Yes and yes, but the past is the past -- and (more importantly) the paradigms of the past are giving way to new paradigms. The BI results of today aren't packaged, presented, or consumed the same way they were a decade ago. Interactive has replaced static. Mobile devices are complementing desktops. Information is getting closer to real time. Consumers would like to interact and collaborate in ways that just weren't imaginable 10 years ago.

"It's more of a scatter-gather [paradigm]," says Farmer. "You start from one place, you spread out, and then you come back to that place and regroup and go out again." People have been talking about the Google-fication of search for a decade now, he continues, but what's perhaps most interesting about Google isn't the idea of search technology but that of the Web browsing experience, particularly in the context of search. "Think of what happens when you do a search in Google. You click on a link and you start searching [i.e., foraging] for information. At what point do you give up on that link and find another one?"

It's a different paradigm, Farmer insists, and it requires a different approach.

Ask him about "BI," for example, and he'll shift the discussion to something QlikTech calls "Business Discovery." Farmer isn't just quibbling over semantics, either. The difference, he insists, is experience.

"Our exploratory experience in QlikView actually works the same [as the Google search experience]. People have this sort of associative view, so what we allow them to do is to go back and forward between the different queries that they've issued, or ... we have a current selection view which shows them the state of all of the selections that they've made," he explains.
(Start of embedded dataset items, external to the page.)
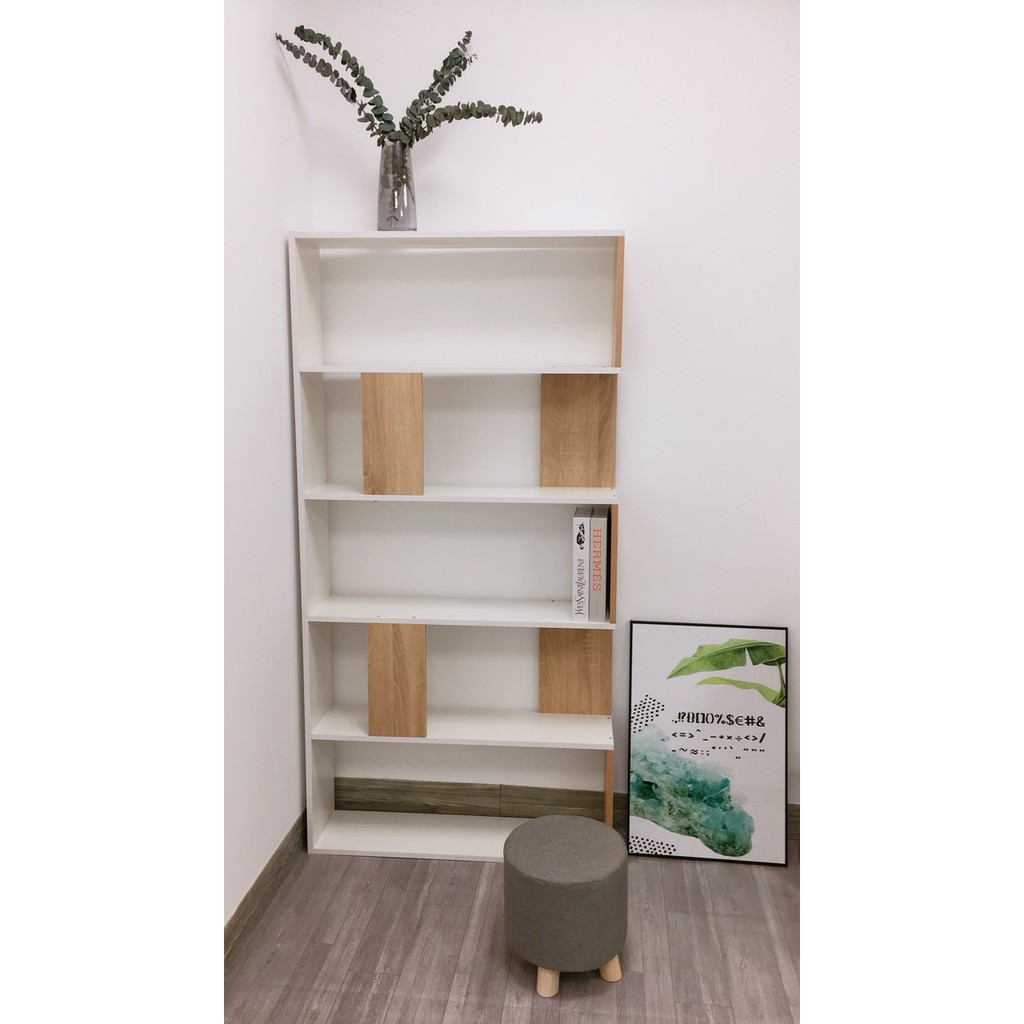 Nhà cửa & Đời sống > Nội thất > Kệ & Giá || Kệ Sách Đa Tầng Đứng Để Sàn Màu Trắng Vân Gỗ Kết Hợp - GP105Còn hàng
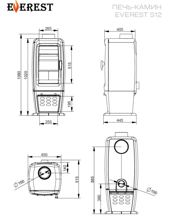 Печь-камин EVEREST H12/ Н12М изготовлена из качественного жаростойкого чугуна с толщиной стенок 6-8мм.
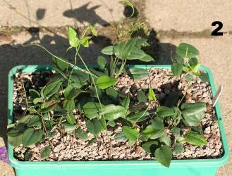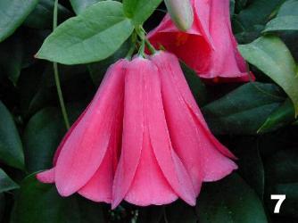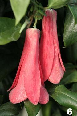 Lapageria comes from sea level forests in Chile and likes cool damp weather. This results in most of the plant’s growth being made in spring and autumn, and consequently the best time to pot the seedlings on is either spring or autumn. The seedlings shown in picture 2 were sown in September and the photograph taken the following September. The following year, I would hope to pot the plants on into 1litre deep pots – by which time the plants are 1½ - 2 years old. And the year after, when the plants are coming up to 3 years old, I would pot them into 15cm. full pots (1.8litre). At that stage, the plants should have some long stems which can be trained up a 1.2m cane. With a bit of luck, some of them will produce one or two flowers in late autumn. The remainder should do so the following year. |
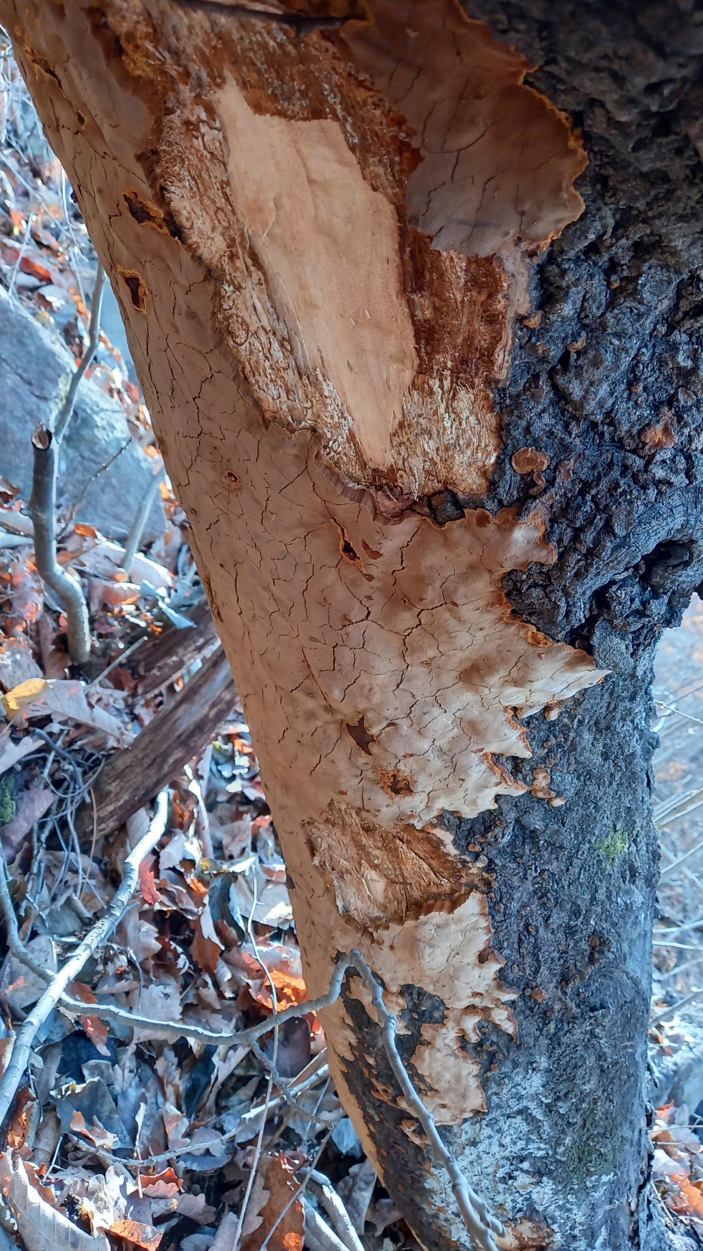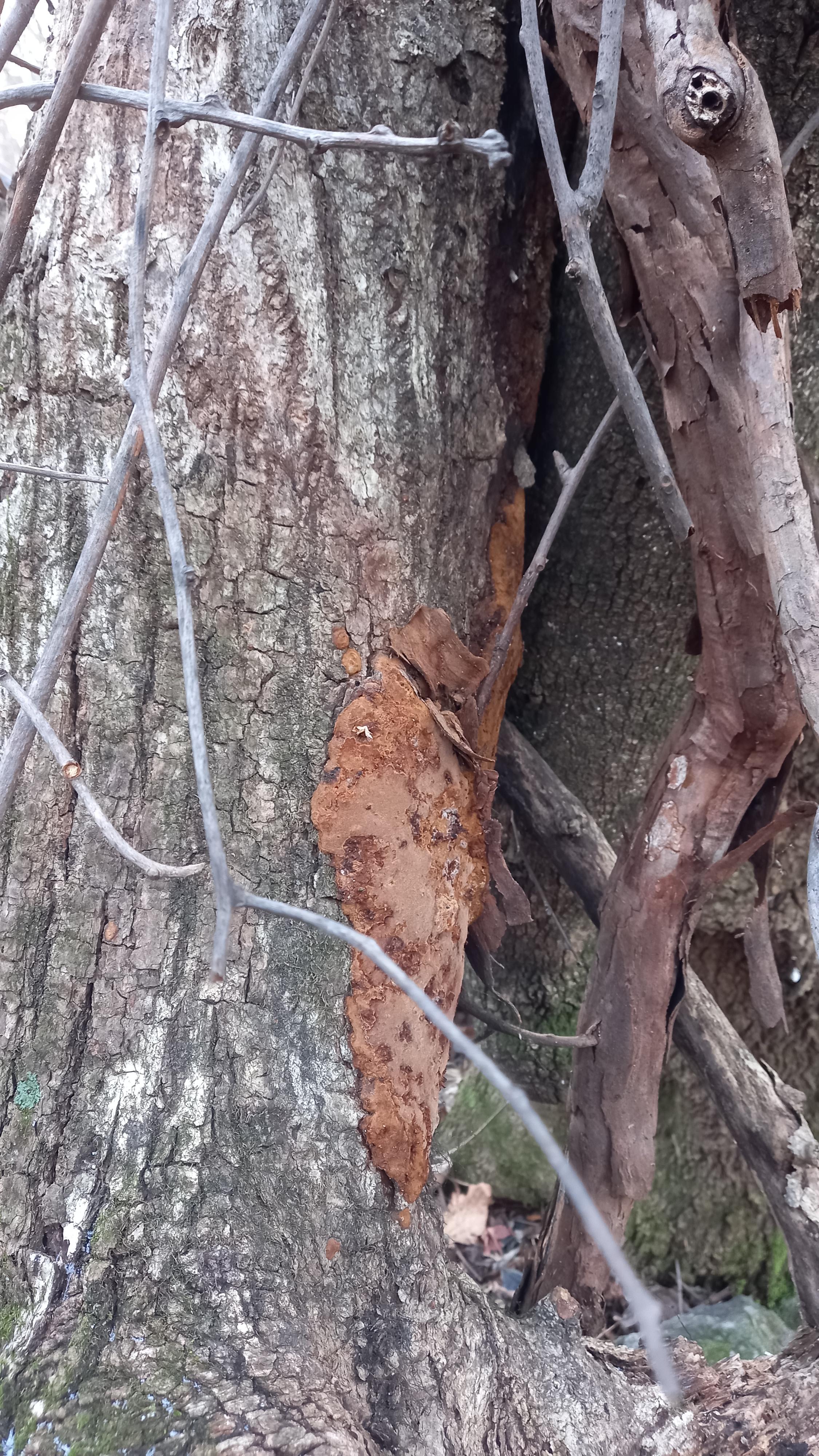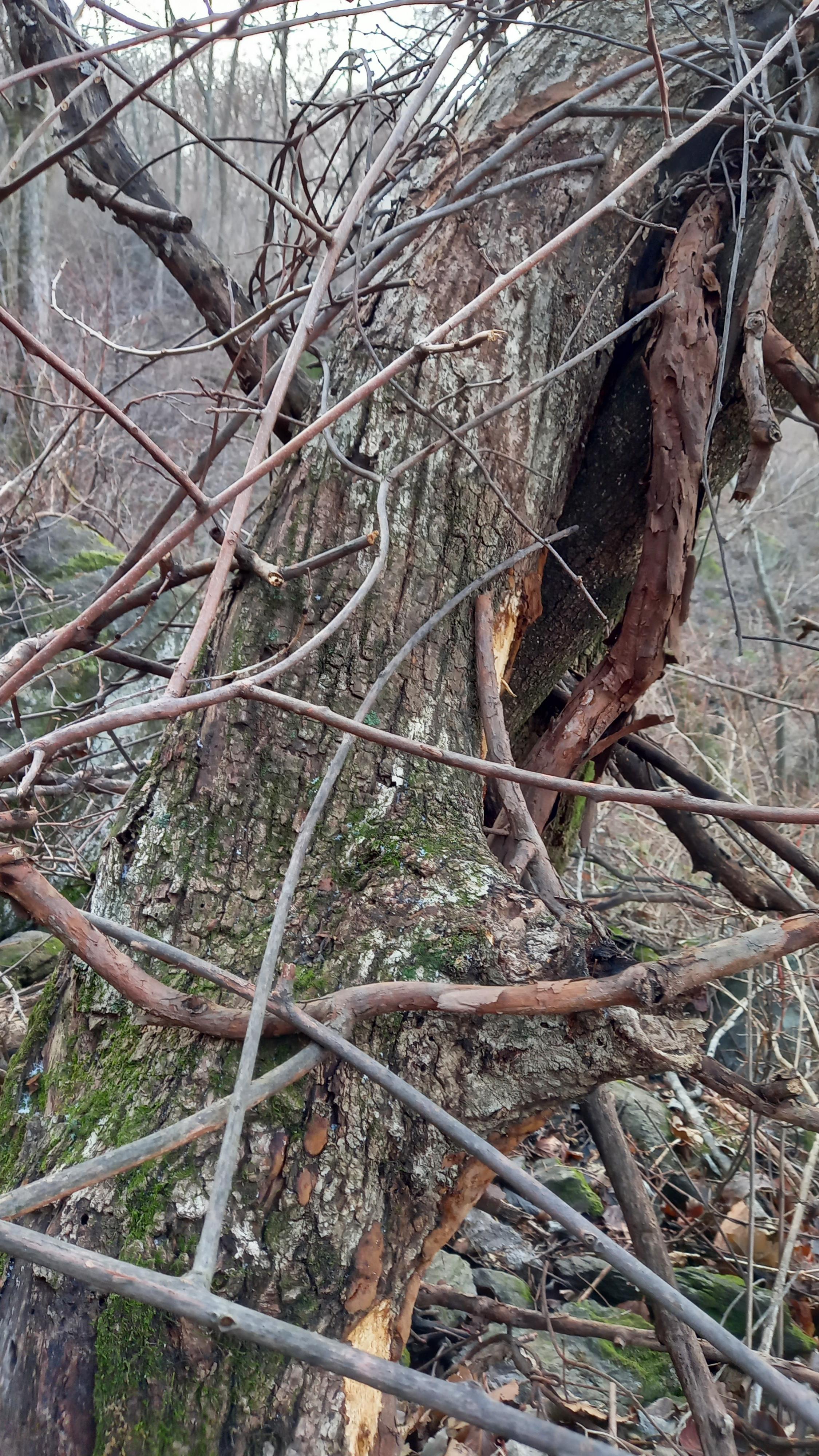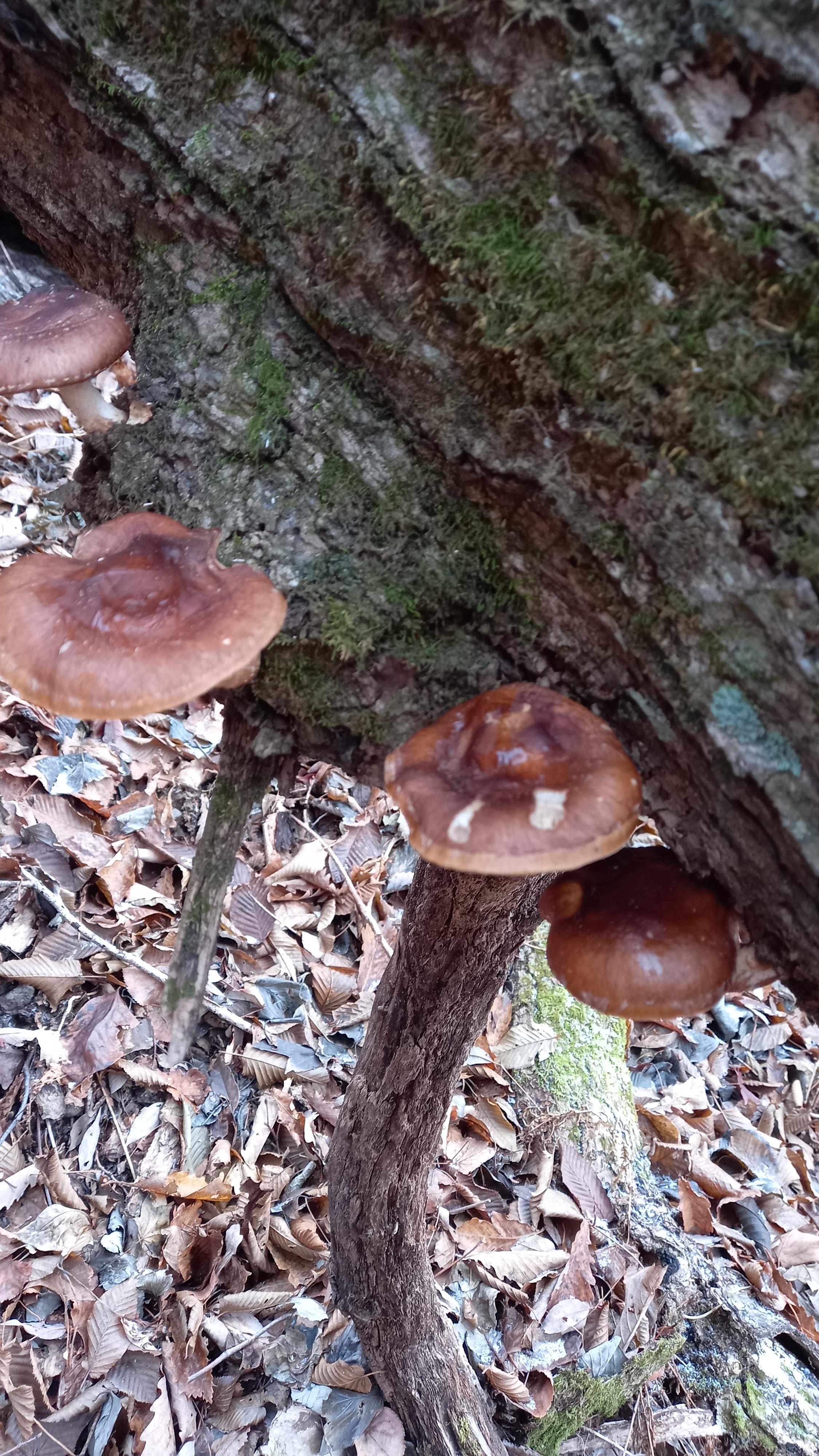 엄청 큰 참나무에 표고버섯이 붙어 있습니다.
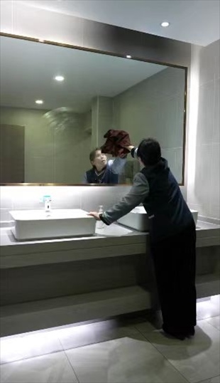 王柳云的保潔面積很大,整個(gè)寫字樓的十五層和十七層,地板、桌椅、窗戶、衛(wèi)生間,都是她的職責(zé)范圍?!昂芏嗳艘婚_完會,杯子、椅子、桌子要清理,還有窗子全部要擦干凈”,她形容自己的工作量“三四個(gè)人都干不完”,但她看中了這份工作留給她的一隅,隨便找個(gè)角落就可以寫字畫畫。
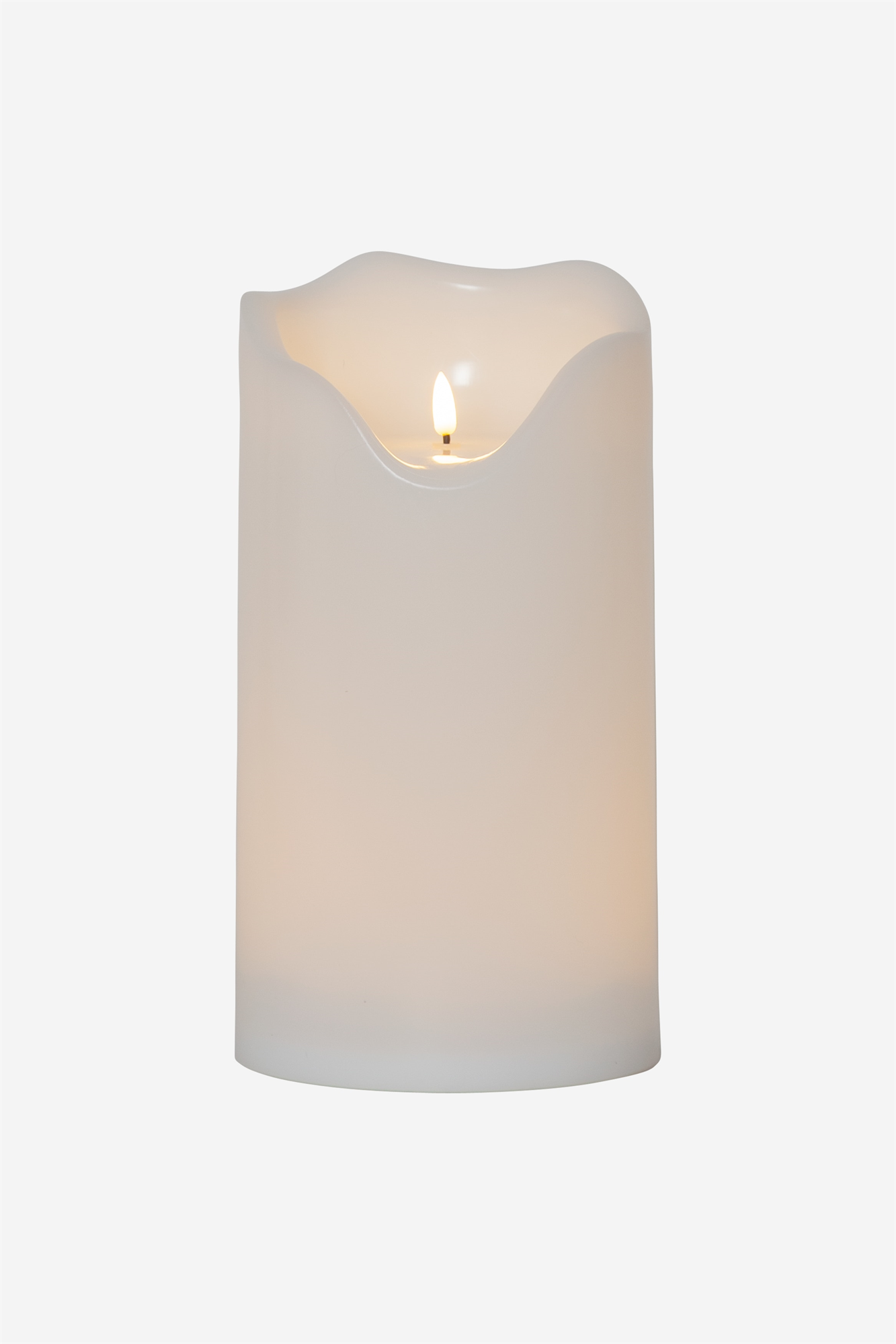 Свеча для наружного применения из семейства Flamme. Модель изготовлена из пластика. Светится теплым белым светом. Высота: 30 см. Ширина: 16 см. Глубина: 16 см.
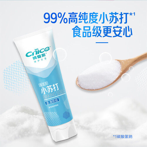 特别添加99%高纯度小苏打,食品级成分可安心入口,搭配HCPs净白颗粒,协同去除牙齿表面牙渍,get亮白牙齿。
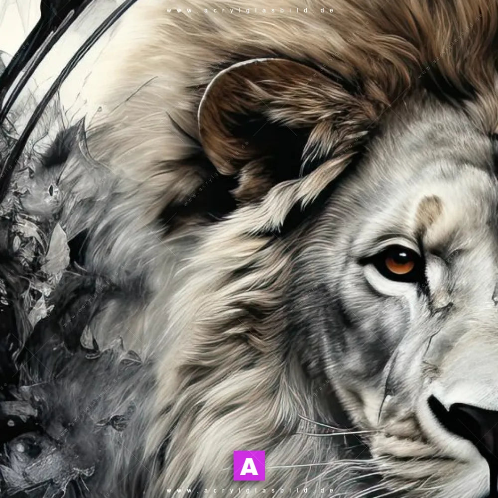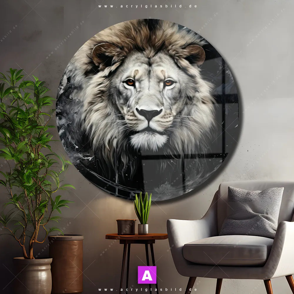 <b>Produktart:</b> Acrylglasbild | Glasbild | Wandbild aus Kunstglas | <b> Motiv:</b> Porträt eines Löwen | <b> Bildausrichtung:</b> Rund | <b> Max. Motiv-Größe:</b> 430cm breit | 240cm hoch | <b> Verfügbare Formate: </b> Quadrat, Querformat, Hochformat, Panorama, Schmal, Rund | <b> Kategorie:</b> Tierwelt | <b> Farben:</b> Schwarz, Beige | <b> Kunstformen:</b> Kunst - Malerei, Digitale Kunst | <b> Kunststile:</b> Abstrakt, Modern Art, Schwarz - Weiss
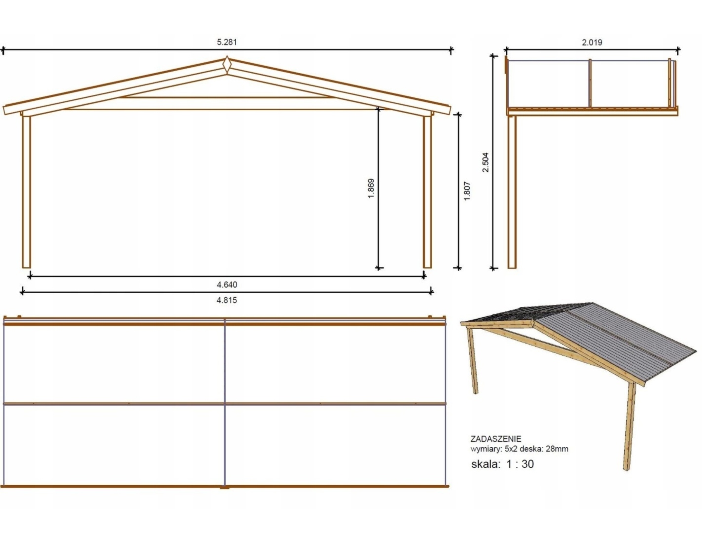 Abri + terrasse et avant-toit - abri d'une superficie de 30 m2, une largeur de façade de 5 m, une profondeur de 4 m et une épaisseur de parois de 28 mm.

This is a good start. It's an approach other BI players are pursuing, too. Farmer says social networking -- which adds a richly collaborative dimension to the vanilla Web browsing experience -- might provide the best context in which to forage for information. "We've taken this idea of information foraging and applied that to business discovery, and that's worked really well. Now let's apply a similar ... approach [involving what Farmer calls "deep interaction"] to how ... we communicate these discoveries and decisions to other users."

In this case, he says, the idea is to promote meaningful business collaboration -- with an inescapably social dimension -- between and among users. "Look at things like the metadata tagging, or the ability to comment on the documents that people have. This is [one case] where [social networking] makes sense."

Some vendors, such as LyzaSoft, were far out in front of the social networking wave; LyzaSoft's Lyza Commons, released 16 months ago, achieves a collaborative experience not unlike that of Facebook.

Others, including QlikView and IBM Corp. (which introduced a social collaboration component with its Cognos 10 release late last year), are easing themselves -- and their customers -- into BI-oriented social networking.

"Social networking grows gradually," Farmer concludes, conceding that LyzaSoft, which was starting almost from scratch, delivers a "neat" product. Vendors that have large installed bases have to approach things more iteratively, he argues.

"If you try and do it all at once, people aren't going to pick up on it. It might even turn people off. Google Wave was a do-everything social networking tool. That [didn't do so well]. Social networking doesn't grow that way."